In altri casi è stato sufficiente il solo utilizzo del dizionario bilingue:

negli esempi scelti e proposti di seguito, vediamo che nelle due lingue esistono espressioni equivalenti e questo ha inoltre permesso di rimanere nello stesso campo semantico. Esempi in tal senso sono le espressioni

“Muita água correu por baixo das pontes” (pag. 8) resa con l’espressione

“Molta acqua passò sotto i ponti” e “Nunes de Matos (…) não alargou os cordões à bolsa” resa con “Nunes de Matos (…) non mise mano al portafoglio”.

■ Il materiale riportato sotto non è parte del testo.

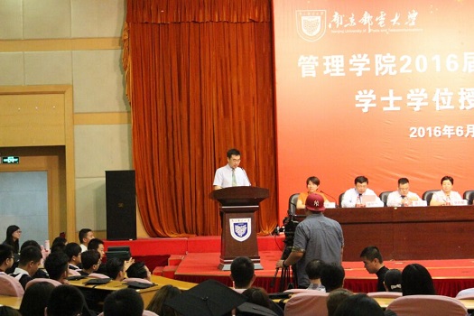 学位授予仪式在庄严的国歌声中拉开序幕,副校长蒋国平教授首先致辞,向圆满完成学业的全体2016届毕业生表示热烈的祝贺,向默默付出的老师和家长们致以崇高的敬意。同时希望在座的毕业生们能够“善规划、有恒心”,“勇拼搏、敢创新”,“怀天下、有善心”,希望大家既仰望星空,又脚踏实地,母校永远是毕业生们事业和生活中最坚强的后盾。
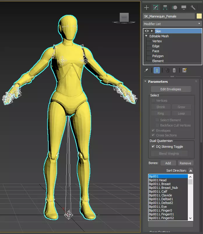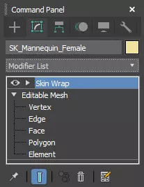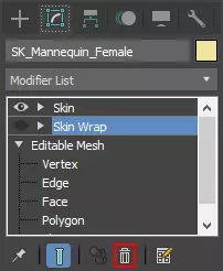 现在,皮肤应该已添加到修饰符列表的顶部。在此处,选择【皮肤包裹】并将其删除。我们不会再使用它了。
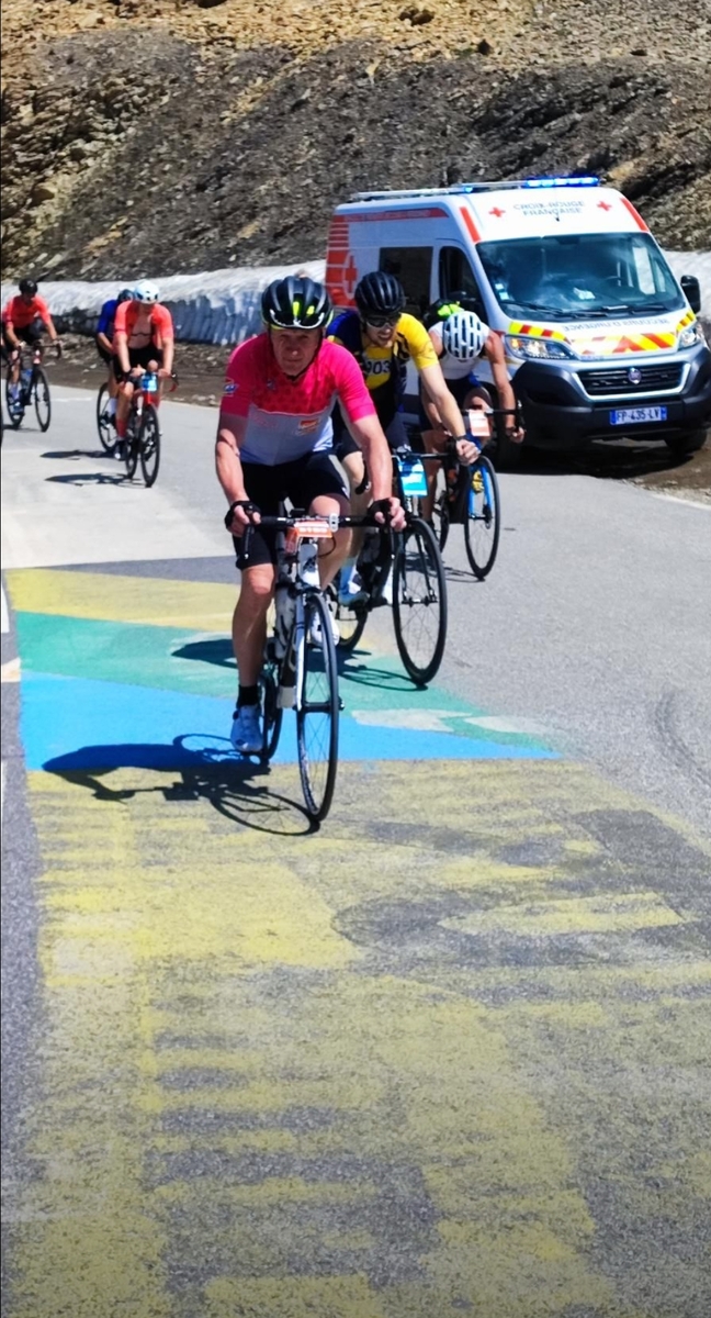 22 juin, Bourg d’Oisans voici notre Francis pour son objectif principal, La Marmotte 177km pour 5000m de dénivelé. Avec comme chez nous une chaleur étouffante !!!!
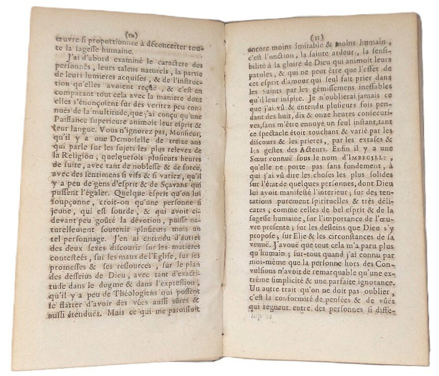 >in-16, pp. 36, cartonato muto del '900. Fregio al titolo, testatine e iniziali silogr. Prima edizione di questo trattato anonimo variamente attribuito al Boyer o a Julien de Gennes. Importante lavoro dedicato al tema della natura delle convulsioni mistiche che infiammò i giansenisti tra 1730 e 1740, tanto che al loro interno si crearono varie correnti e scissioni. ''Les règles du discernement sont évidemment extrêmement mouvantes, car laissées en quelque sorte à l'appréciation de chacun, de sorte que d'Etemare est rapidement dépassé par certains de ses disciples. Ils entreprennent de repousser la frontière et de diviniser les « voiles ». C'est en particulier le cas d'un chanoine de Laon, Jacques Gudvert, et des pères oratoriens Pierre Boyer et Julien de Gennes'' (Catherine Maire Les querelles jansénistes de la décennie 1730-1740). Ottimo esemplare. Barbier I 783.
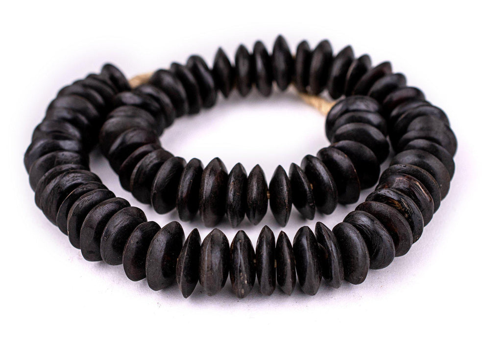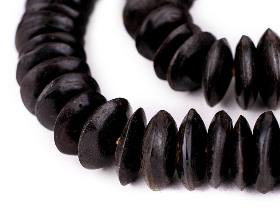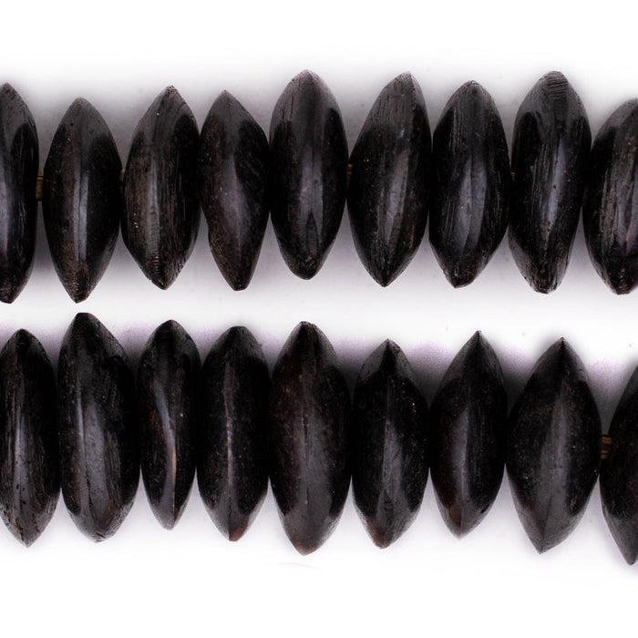 These beads measure approximately 6-7 x 17-20mm, with a hole size of 2mm. Strands measure approximately 24", and have approximately 70 beads each. The color is a brownish-black and may have some brown hues.
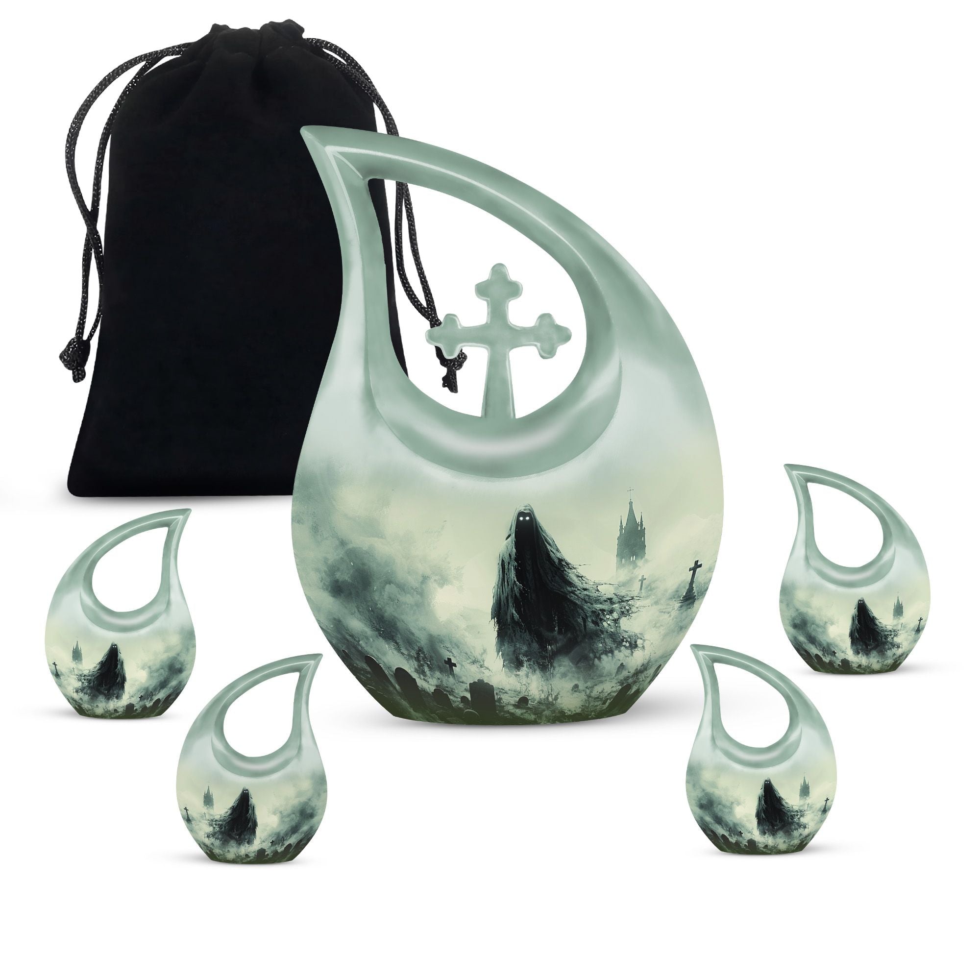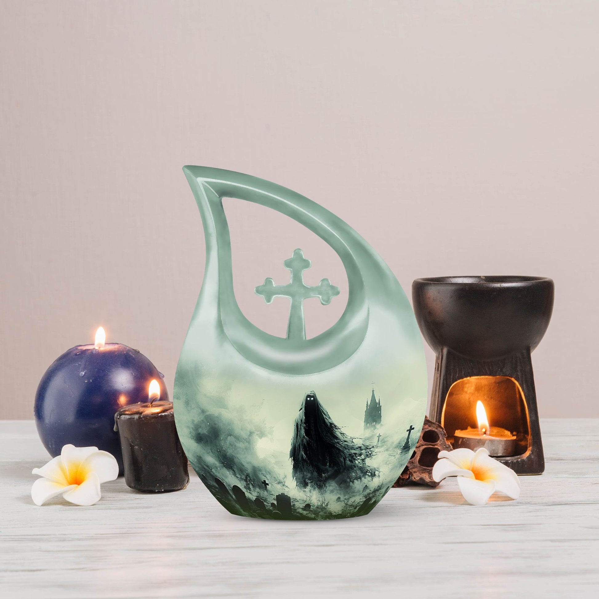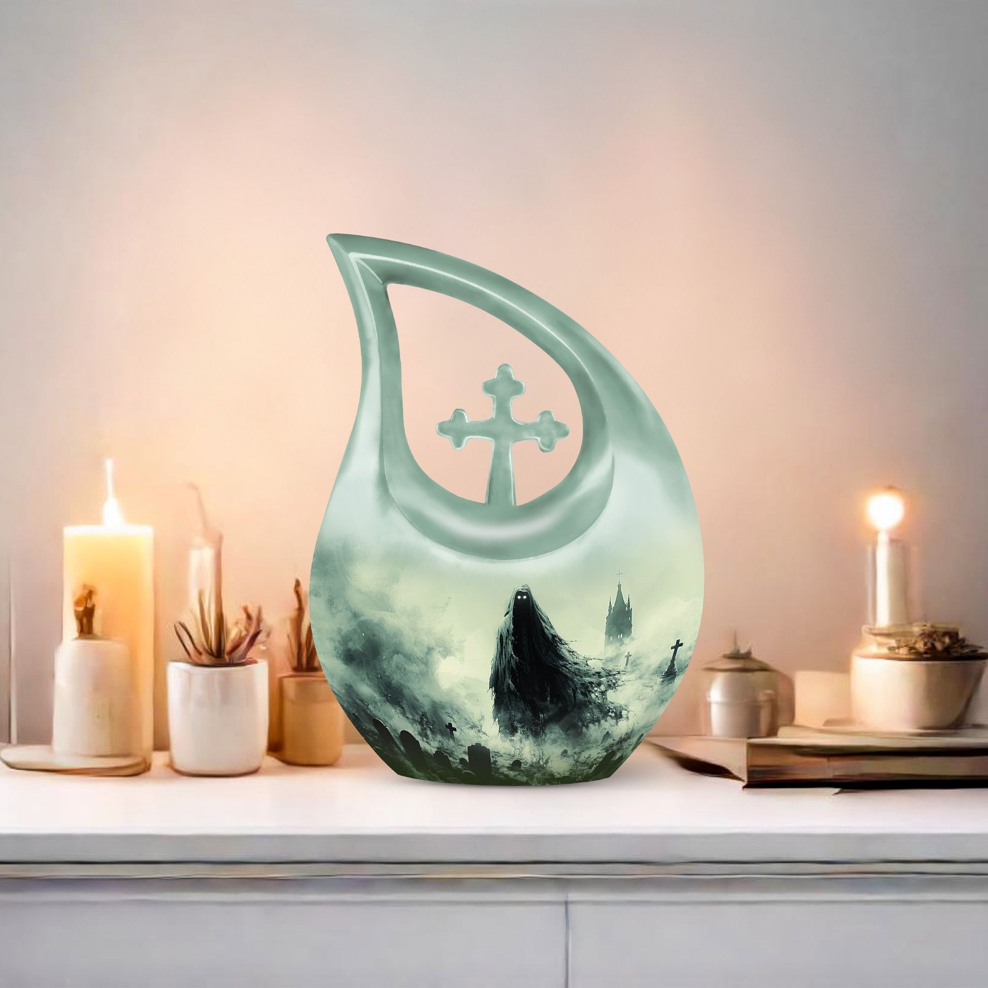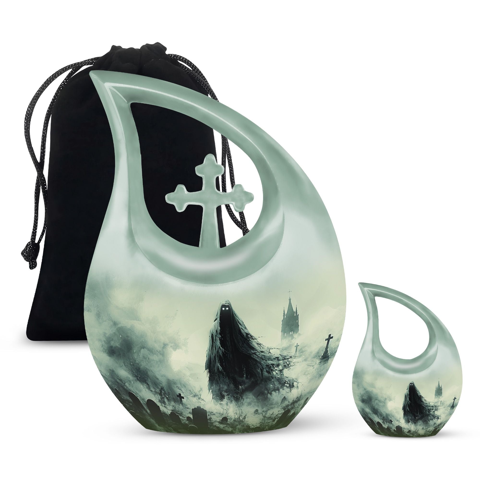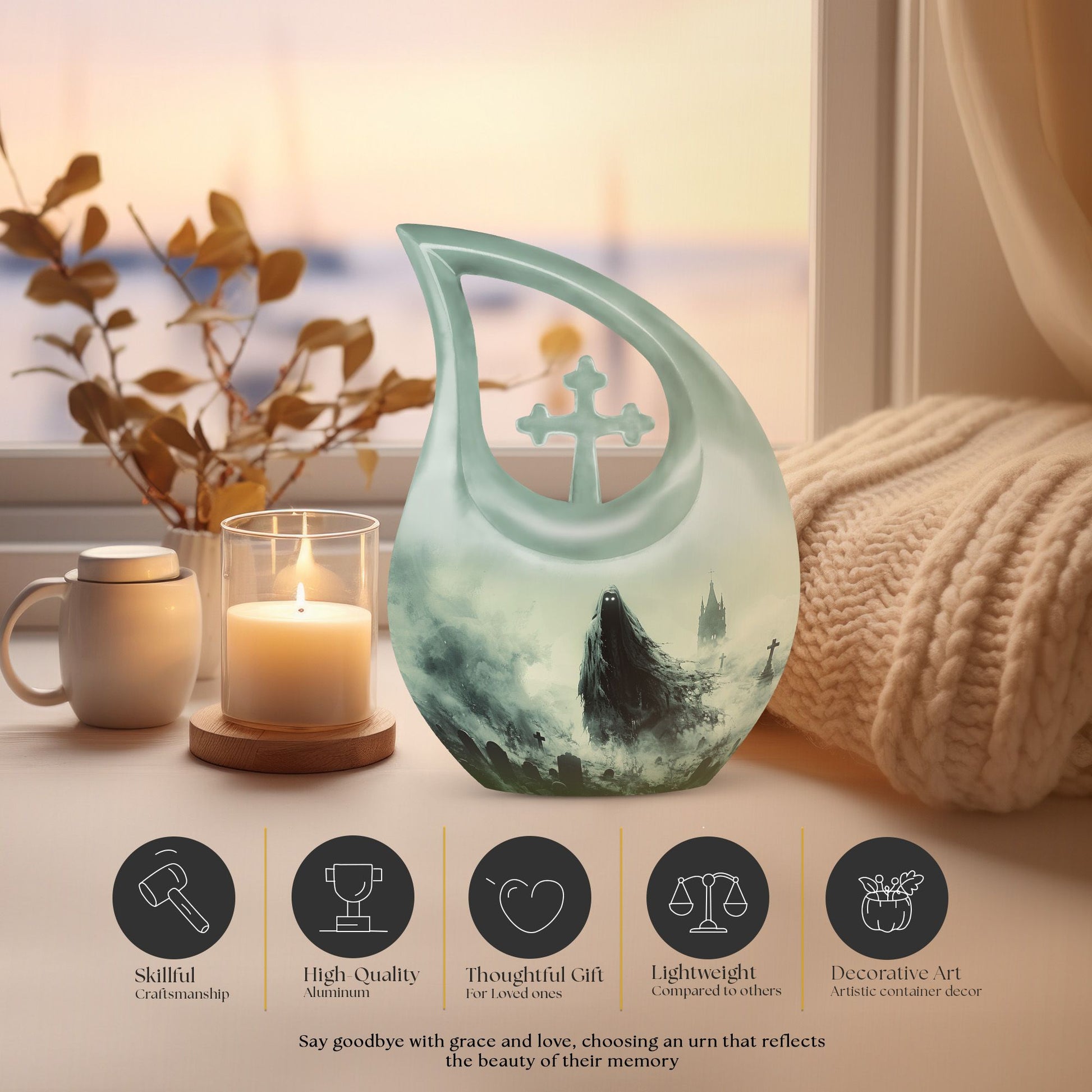 Introducing the 'Shrouded Requiem Urn', a thoughtful and beautiful solution to keep the cherished memory of your loved ones close to home. Carefully crafted from quality aluminium, this 10 Inch urn encapsulates elegance and durability. It weighs just 3.3 pounds, and its sizeable capacity of 200 cubic inches ensures it comfortably holds the ashes. The special 'Cross Drop' Urn design adds a touch of spiritual significance, making it an ideal choice for those seeking memorial urns with deep symbolic resonance. To add a personal touch, customize it with engraved names, making it even more special. The urn comes along with a velvet pouch, providing a dignified containment for the ashes. Whether it's large urns for human ashes or Urn mini you're looking for, this 'Cross Drop' design stands out amidst marble urns for sale. With 'Urns With Love', remember, celebrate and pay tribute to your beloved in style.

Al contrario, in altri casi si è dovuto ricercare e quindi optare per un traducente diverso, basato su una metafora differente che però esprimesse lo stesso significato. Esempi di questo genere sono: l’espressione “O italiano mexera cordelinhos” (pag. 32) resa con “L’italiano si era dato parecchio da fare”: effettuando una ricerca sul dizionario monolingue si è visto che in portoghese l’espressione significa “Manovrare di nascosto, usare mezzi nascosti per ottenere qualcosa o raggiungere un fine”; inizialmente, per restare nello stesso campo semantico dell’espressione di partenza, una prima proposta di traduzione è stata “Aveva intrecciato fila su tutti i fronti”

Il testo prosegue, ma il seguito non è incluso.